The above musings come to mind on reading about Pandora’s Promise, a new movie opening in the US this week about environmentalists coming to terms with nuclear energy. One of the reviews, describes it as:

It takes Robert Stone's controversial new documentary Pandora's Promise 30 minutes and five apostate environmentalists, but it finally gets to the point: Nuclear power, the energy source many people fear most, is the best and currently only way to satisfy the world's voracious demand for electricity without producing carbon dioxide and other emissions that contribute to climate change.  

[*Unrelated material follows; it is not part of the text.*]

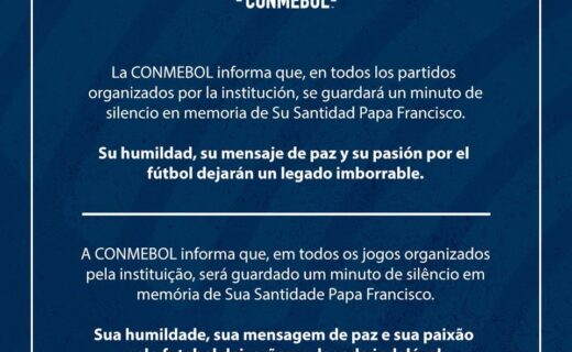 Conmebol declara que partidas da Sul-Americana terão 1 minuto de silêncio em tributo ao Papa Francisco terça-feira, 22/04/2025 às 15:22 — Em Últimas notícias
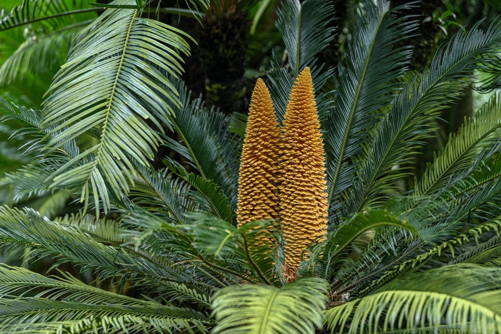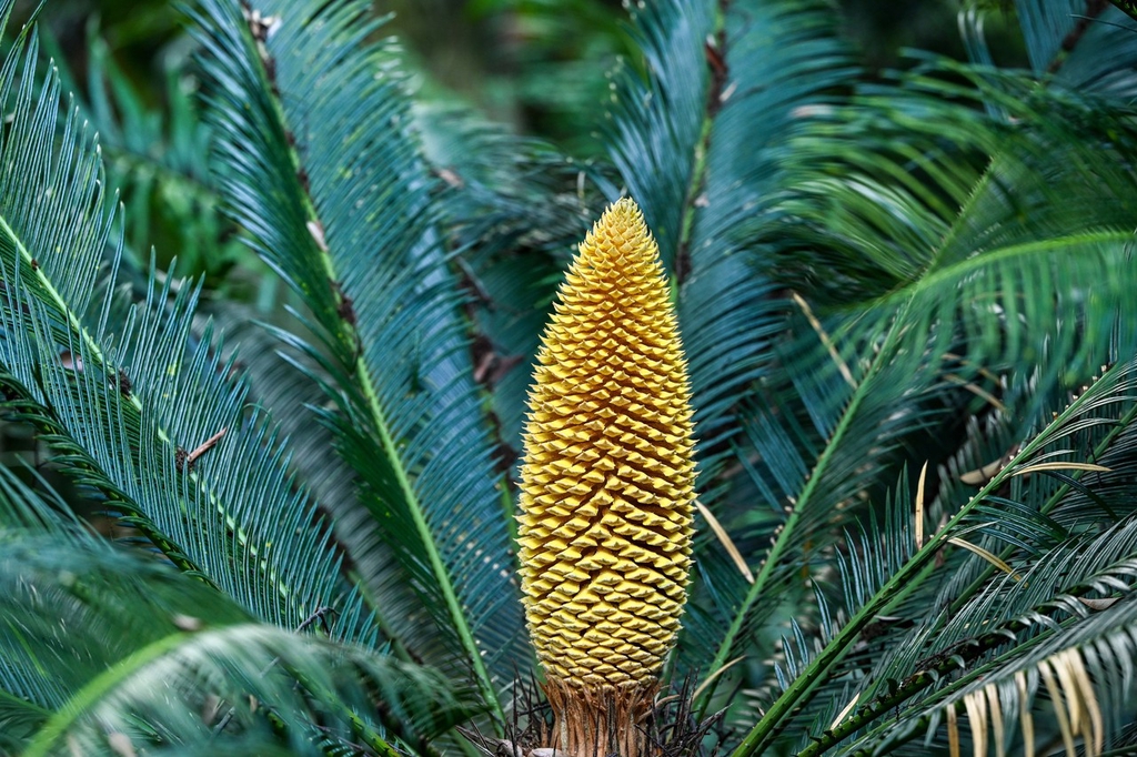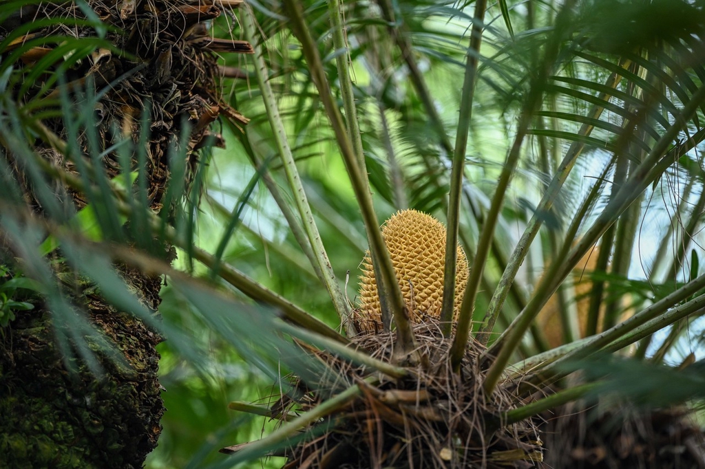 2023年5月25日,广西南宁,青秀山苏铁园里上万株铁树开花,成为一道亮丽的“铁树开花”景观。金黄的“宝塔”立在茎叶间,这是雄花;黄色的“绣球”尽情绽放,这是雌花。在南宁青秀山这座占地80亩的苏铁园中,最著名的是一株高大挺拔的千年苏铁王,这株千年铁树年年开花,成为苏铁园里的一道奇特景观。它高7.8米,树围最粗处3.8米,胸径0.95米,冠幅5.15米。经测算,“苏铁王”至今已有1360多岁了。据悉,这株苏铁是中国现有记载树龄最古老的苏铁,因此被称为“苏铁王”。南宁市青秀山苏铁园里的铁树绿油油的茎叶间,有不同形态的黄色花朵绽放。有的如宝塔矗立,又形似玉米棒子,长约40厘米;有的像绣球,开着球状花,花瓣则像鸡的爪子。由于铁树本身是热带地区的植物,它在北方因为积温和光照条件不符合,所以很难开花。但在南方,成年铁树(树龄十几年以上)如果养护得当,几乎每年都会开花。苏铁的花期在每年5月到8月。苏铁还有一种相当有趣的特性,人分男女,树分公母,苏铁的雌雄只有等它开花之后,才能分辨得出来。雌花是半球形的,像卷心菜;雄花是圆柱形的,如同一个玉米棒。(未经许可,请勿转载)

Surely a broadly similar case could be made for an environmentalist rethink on natural gas? I know Mike Shellenberger has no issues with gas but I'd love to hear Stewart Brand or Mark Lynas's take on substituting natural gas for coal now as we then move forward to a low foot print nuclear future.  Otherwise, the new open minded glowing greens continue to enable coal by promoting a technology that has not yet arrived, is prohibitively expensive and going to be far more problematic to embed in the generation structure than natural gas. That description sounds suspiciously like the supporters of 100% renewables. 

I propose that wind, small scale nuclear, next gen solar and natural gas will all have roles in the future. Where environmentalists (and perhaps nuclear fans, I still have to see the movie) have made mistakes is not understanding that electricity generation is only one third of the carbon equation. No amount of nuclear energy for example can substitute for the role of natural gas in the chemical and fertiliser industry or in readily replacing natural gas in heat applications. I don't see any electrification of  commercial bakeries, brick works, steel mills, cement plants, food processing and so on either.  I also see the possibility of significant displacement of oil in trucking and marine uses. The vast majority of cars can remain on oil, or be electrified urban vehicles.  Every other engine: locomotives, mining machinery, marine shipping, buses, fleets and trucking can be converted to gas using existing technology. Natural gas is not perfect, but in transport it cuts CO2 in oil by 30% and provides substantial air quality improvements besides.

What I do see is that the enemy is coal. Lets understand that Coal Carbon Capture and Storage has already been invented. It's called leaving it in the ground. Much lower carbon natural gas is so abundant that its promise is to replace coal:  leaving plenty of room for zero carbon nuclear, renewables and energy storage.

But the urgency of the C02 issue means that for today, we have to make a choice between the perfect and the good. I hope that greens can similarly abandon outdated concepts on natural gas as well as nuclear.

As such, I look forward to not so much understanding the green apostates fervor for the new religon, but understanding their journey.  Before they embraced nuclear, they must have held renewables very tightly. What made them let go? What caused the sudden burst of reason? 

Changing your mind about nuclear is all well and good.  But what do we do today?